(Recorded information)
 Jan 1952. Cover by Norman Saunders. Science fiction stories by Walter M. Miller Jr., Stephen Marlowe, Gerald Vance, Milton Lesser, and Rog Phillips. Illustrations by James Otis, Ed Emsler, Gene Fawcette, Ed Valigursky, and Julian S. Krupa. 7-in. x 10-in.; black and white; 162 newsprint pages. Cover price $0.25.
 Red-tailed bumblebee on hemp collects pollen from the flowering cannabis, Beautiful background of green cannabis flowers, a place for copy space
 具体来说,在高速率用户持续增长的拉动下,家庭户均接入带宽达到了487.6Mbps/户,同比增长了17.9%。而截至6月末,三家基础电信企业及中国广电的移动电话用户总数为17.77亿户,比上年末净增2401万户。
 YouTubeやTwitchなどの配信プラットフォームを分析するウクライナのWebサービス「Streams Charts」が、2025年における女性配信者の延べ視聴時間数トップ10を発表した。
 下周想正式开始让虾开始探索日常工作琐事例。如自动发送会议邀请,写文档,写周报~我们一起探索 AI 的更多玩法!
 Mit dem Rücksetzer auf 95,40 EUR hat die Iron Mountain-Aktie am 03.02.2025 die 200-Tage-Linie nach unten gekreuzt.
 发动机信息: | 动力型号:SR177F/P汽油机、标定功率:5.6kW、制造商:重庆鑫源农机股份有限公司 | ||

--

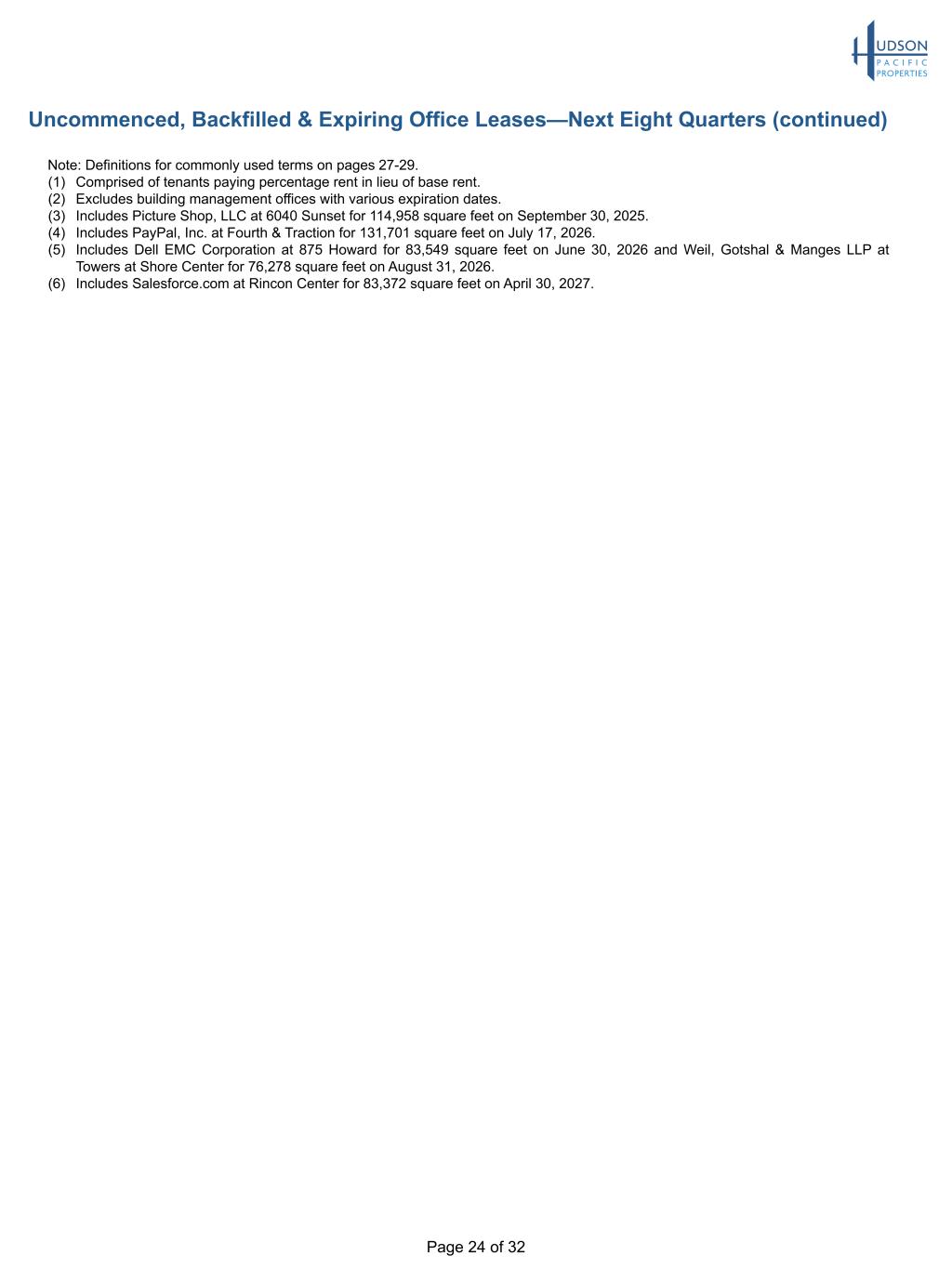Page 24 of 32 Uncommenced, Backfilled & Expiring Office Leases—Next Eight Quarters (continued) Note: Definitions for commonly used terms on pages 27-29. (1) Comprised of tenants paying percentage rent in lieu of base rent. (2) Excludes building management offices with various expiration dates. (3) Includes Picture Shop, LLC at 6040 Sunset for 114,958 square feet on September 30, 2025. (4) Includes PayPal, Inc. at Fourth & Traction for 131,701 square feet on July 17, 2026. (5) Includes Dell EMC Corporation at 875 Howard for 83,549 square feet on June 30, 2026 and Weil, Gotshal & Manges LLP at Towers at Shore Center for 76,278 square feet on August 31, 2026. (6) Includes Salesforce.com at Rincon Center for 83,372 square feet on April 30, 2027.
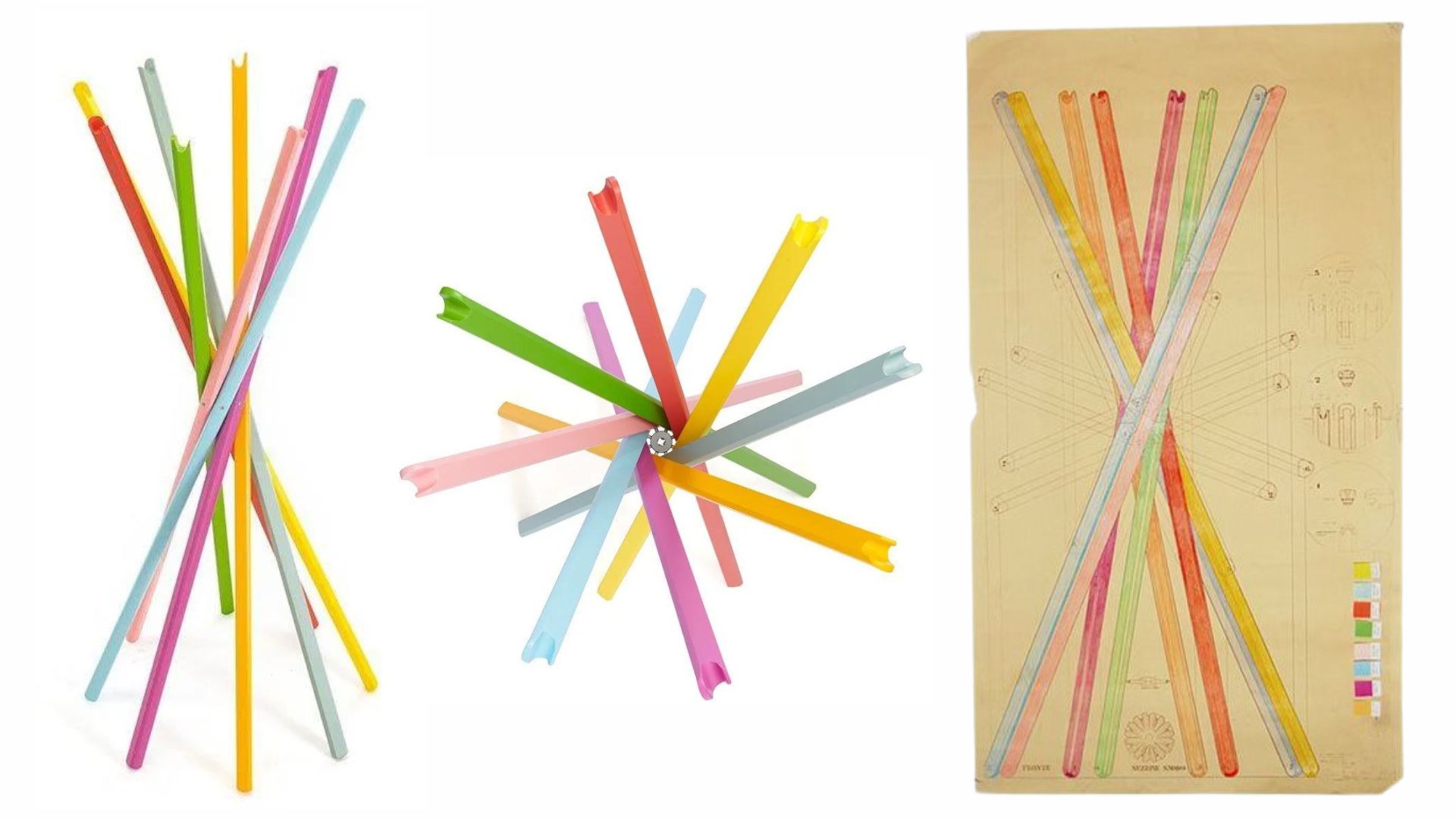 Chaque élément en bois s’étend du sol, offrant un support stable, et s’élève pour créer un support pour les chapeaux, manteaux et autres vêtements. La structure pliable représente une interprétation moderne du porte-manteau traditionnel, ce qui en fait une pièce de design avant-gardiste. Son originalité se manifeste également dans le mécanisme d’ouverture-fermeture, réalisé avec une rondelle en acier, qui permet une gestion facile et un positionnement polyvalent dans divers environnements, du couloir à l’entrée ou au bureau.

(Task instructions) In the listing above, find the line containing "下周想正式开始让虾开始探索日常工作琐事例。如自动发送会议邀请,写文档,写周报~我们一起探索 AI 的更多玩法!" and the line containing "发动机信息: | 动力型号:SR177F/P汽油机、标定功率:5.6kW、制造商:重庆鑫源农机股份有限公司", then repeat those two lines and everything between them exactly.

(Output below)
 下周想正式开始让虾开始探索日常工作琐事例。如自动发送会议邀请,写文档,写周报~我们一起探索 AI 的更多玩法!
 Mit dem Rücksetzer auf 95,40 EUR hat die Iron Mountain-Aktie am 03.02.2025 die 200-Tage-Linie nach unten gekreuzt.
 发动机信息: | 动力型号:SR177F/P汽油机、标定功率:5.6kW、制造商:重庆鑫源农机股份有限公司 | ||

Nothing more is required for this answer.